騎手エリアを改修し要求基準を満たした12場のうち7場は独立競馬場である。これは大手競馬場グループが直面する課題を反映しているのかもしれない。彼らは、総工費が数百万ポンドにのぼる改修計画を複数の競馬場で同時進行しなければならないのだ。また賞金などの削減が余儀なくされないように、改修工事は数年にわたって段階的に行う必要があると主張するかもしれない。

 しかし騎手協会(PJA)は改修工事をより迅速に進めるよう呼びかけており、それはもっともなことである。PJAのCEOポール・ストラサーズ氏はこう語った。「女性ジョッキーたちはあまりにも長きにわたり多くの競馬場で、不十分なセーフガーディング対策と差別的な設備に我慢しなければなりませんでした。大半の競馬場では今もなお男性用更衣室に入らなければならず、これはまったくもって受け入れがたいことです」。

 男性も女性も平等に設備を利用できるように暫定的にいくつかの対策がとられ、RCAはすべての競馬場が業界のセーフガーディング基準を満たしているか、もしくはそれ以上の水準で運営されていると強調する。しかしPJAは、競馬場はまだ十分に対応しておらず、ほかの分野に投資する資金はあるのにそれを騎手エリアの迅速な近代化に回さないという不満が騎手のあいだにあるようだと主張している。

 事業の詳細計画について課題があるのも分かるが、ジョッキーたちが改修工事の遅れに不満を抱くのも理解できる。ここ一年ほど騎手の地位向上に向けた前向きな動きが見られた。それに騎手の側でもスポーツ科学の進歩による変化を受け入れてきた。しかし多くの場合、騎手が利用する施設はほぼ全員が男性だった時代に建てられたもので、一定の基準に達していない。

 女性騎手がいまでも男性用更衣室に入ってバレットなどの共用サービスを利用しなければならないのは受け入れられない。ほかのスポーツでは考えられないことだろう。男女いずれかの専用エリアの外部に共有スペースを置くことが優先される。これは先延ばしにして良い問題ではなく、幸いにも、状況を変えなければならないという認識は広がっている。

 期限についてPCAとPJAの見解が異なる中で、このプロセスがいつ完了するかは別問題だ。その事実を考慮すると、12月初旬にBHA(英国競馬統括機構)が競馬場の暫定措置の実施状況を監督し、懸念がある場合は免許付与プロセスで措置を講じることもあるというのは朗報である。

 詳細や期限、理由についてどのような立場をとっているかは別にして、現実には騎手エリアの多くがまだ期待される基準に達していない。進歩的なスポーツを標榜する以上、これは問題である。
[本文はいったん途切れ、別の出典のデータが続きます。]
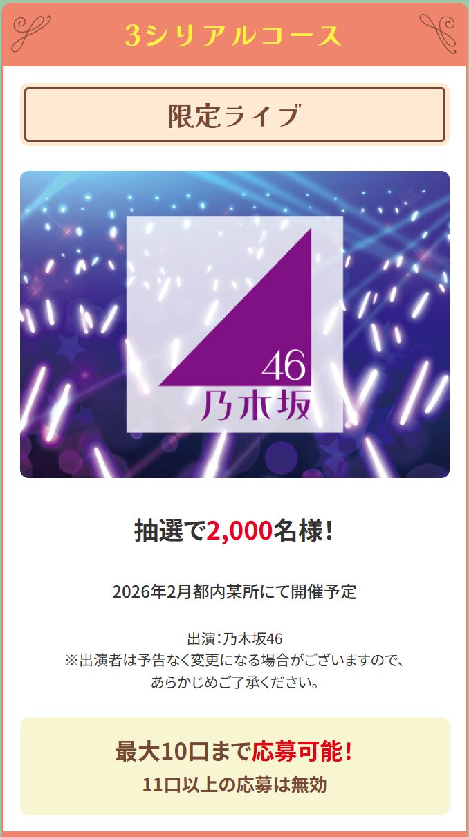 3シリアルで応募できるコースは、「乃木坂46 限定ライブ招待券」が抽選で2,000名に当たるというもの。
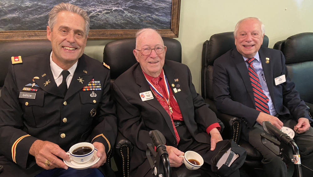 Former 1st Lt. Chester Feagin, ARNG, (center) served during World War II and the Korean War and stays active with work and volunteering. (Photo courtesy of Fran Barber)
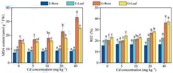 MDA and REC in roots and leaves of E. pectinatus and G. jasminoides. Different letters indicate significant differences (p < 0.05) among the different treatments. Cd, cadmium; FW, fresh weight; E, E. pectinatus; G, G. jasminoides; MDA, malondialdehyde; REC, relative electrical conductivity.
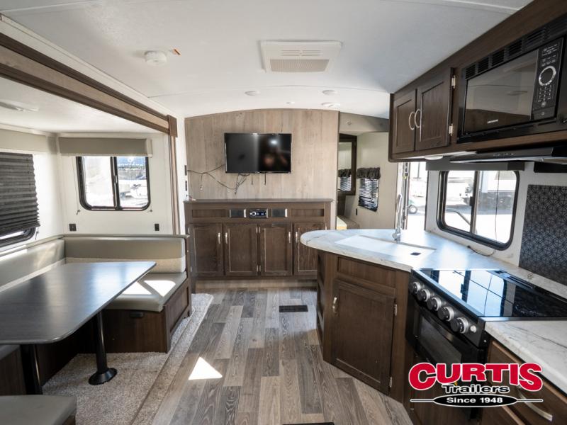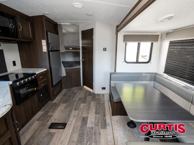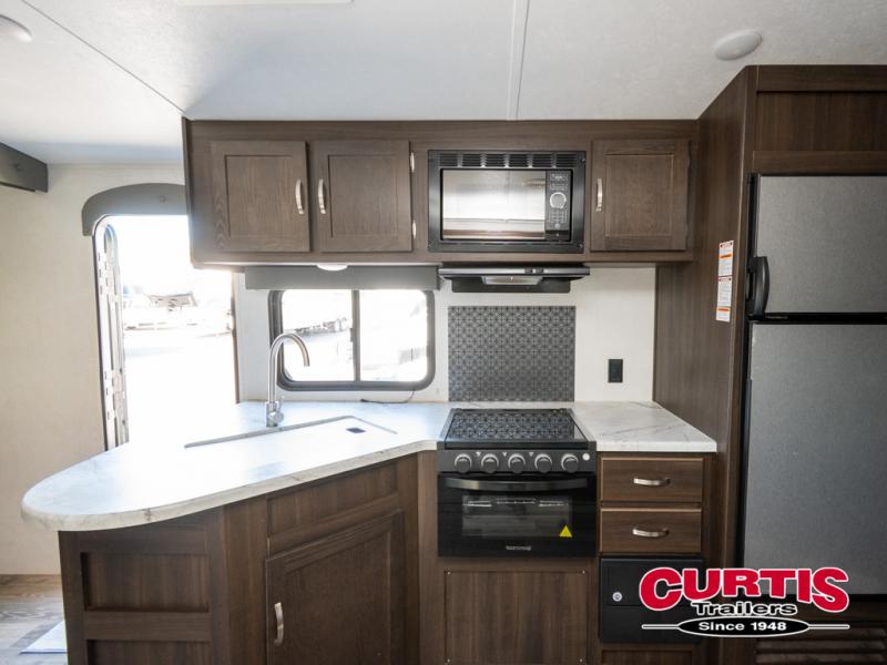 You will love traveling with this Springdale in tow with your family and friends! There is a private front bedroom with a queen bed and storage, a U-shaped dinette slide for eating meals at and sleeping at night, as well as a set of double-size bunks giving you sleeping space for eight. Outside, you can make meals using the outdoor kitchen, relax under the 18' power awning, and store your camping gear in the pass-through compartment. If you need a little bit more help to create dinner, you can head back inside where you will find a three-burner range with glass top in the full interior kitchen.

焦って基準を下回る施設を建設することは誰も望まないが、この分野の進歩は停滞しており、今や急速に促進しなければならない。

 改修工事に携わる者は事業の詳細計画について常に合意に至らないのかもしれない。ただ、英国の多くの時代遅れな騎手エリアについては、競馬界のスターにはもっと優れた設備がふさわしいという事実に異論は唱えられない。

By Jonathan Harding

(1ポンド=約195円)

[Racing Post 2024年12月8日「We know that times are tight - but racecourses really do need to step up and improve outdated weighing rooms」]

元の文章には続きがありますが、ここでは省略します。